Researchers at the University of Toronto have tested and validated the superiority of a two-stage cascade classifier over a traditional, single-shot classifier when using computer-aided diagnosis (CAD) to differentiate between mass and nonmass breast lesions.
In a retrospective study of 280 histologically proved mass lesions and 129 histologically proved nonmass lesions identified in MR imaging studies, their cascaded classifier decreased the overall misclassification rate by 12 percent (72 of 409) of cases missed with cascade versus 82 of 409 missed with one-shot classifier.
The authors write ahead of print in Radiology that their system holds promise for better screening of women at high risk for breast cancer and for whom early diagnosis may mean the difference between a good outcome and its opposite.

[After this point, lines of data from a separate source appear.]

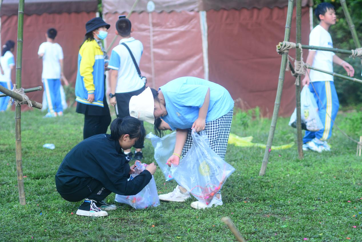 活动中全程都在贯穿LNT理念—无痕山林,关注并身体力行地保护与维护当地的生态环境,学生们快速将自己制造的垃圾清理干净。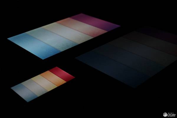 从上面的图示看出,在可视角度方面,这两款设备是没有问题的。但色彩上二者均有偏差,特别是纯红色的图片在W10上看起来更像是橘红,而W11则亮度明显不足(已调整到最高亮度)。同时,可以看到有渐变色的几张图片反映出来的结果是,两台平板的色域比较局限,不如iPhone来得广,因而显示出来的东西冲击力不足。此外,颜色的饱和度和细腻程度也都不太如意。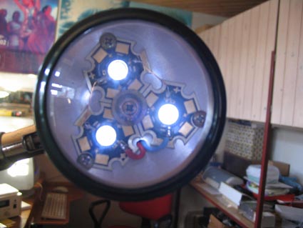 Nažalost, Led diode, koje se mogu kupiti kod nas, kao i gotove lampe (zamena za halogene), nisu dobrog kvaliteta. Previše se greju, i od sopstvene toplote pregorevaju. Ja sam stavio ventilator u lampu, i to se više ne događa. Ima ih 90 komada, i nisam uspeo da dobijem dovoljnu širinu osvetljenosti. Postoje LED 2,5W, sa uglom osvetljavanja 120 i više stepeni, ali su one prilično skupe. U drugom slučaju sam imao problem preširoke osvetljenosti, te sam stavio dodatno sočivo.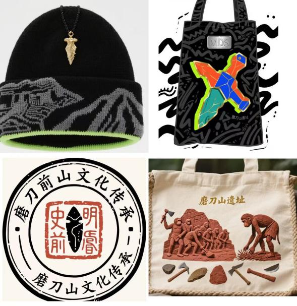 作品深挖廣東磨刀山遺址的史前文化底蘊(yùn),以“遠(yuǎn)古力量”為核心創(chuàng)意,打造了系列文創(chuàng)產(chǎn)品:從融入石斧、遺址元素的帽子,到印刻先民生活場景的抽繩袋,再到融合石錛符號的文化印章,將嶺南遠(yuǎn)古文明與現(xiàn)代設(shè)計(jì)語言深度融合,讓沉睡的遺址文化“活起來”,既兼具實(shí)用價(jià)值與文化內(nèi)涵,又助力鄉(xiāng)土文化傳承傳播,生動(dòng)踐行了“多彩鄉(xiāng)村向新而行”的活動(dòng)理念。

Drawing from radiology reports to categorize mass and nonmass enhancement according to Breast Imaging Reporting and Data System (BI-RADS) classifications, Cristina Gallego-Ortiz, MSc, and Anne L. Martel, PhD, extracted image data from dynamic contrast-enhanced MR.
They analyzed the data using feature selection techniques and binary, multiclass and cascade classifiers.
The classifier that performed the best was a two-stage cascade classifier, which had median areas under the receiver operating characteristics curve (AUCs) of 0.91. By comparison, the AUC for one-shot classifiers was 0.89 (P = .0027).
The cascade classifier was made up of three separately trained binary classifiers, the authors explain. For the cascade evaluation, cases fed to second-stage classifiers—one for masses and one for nonmasses—were based on the prediction of the first stage, which served as the classifier for differentiating between masses and nonmasses.
Cascading classifiers “offer the advantage to further exploit differences among lesion groups in future studies, such as allowing the design of new features intended only for mass and nonmass lesions,” they write. “[T]his study demonstrates that CAD shows superior performance for diagnosing malignant and benign lesions when discriminating among mass and nonmass lesions with a cascade arrangement of classifiers.”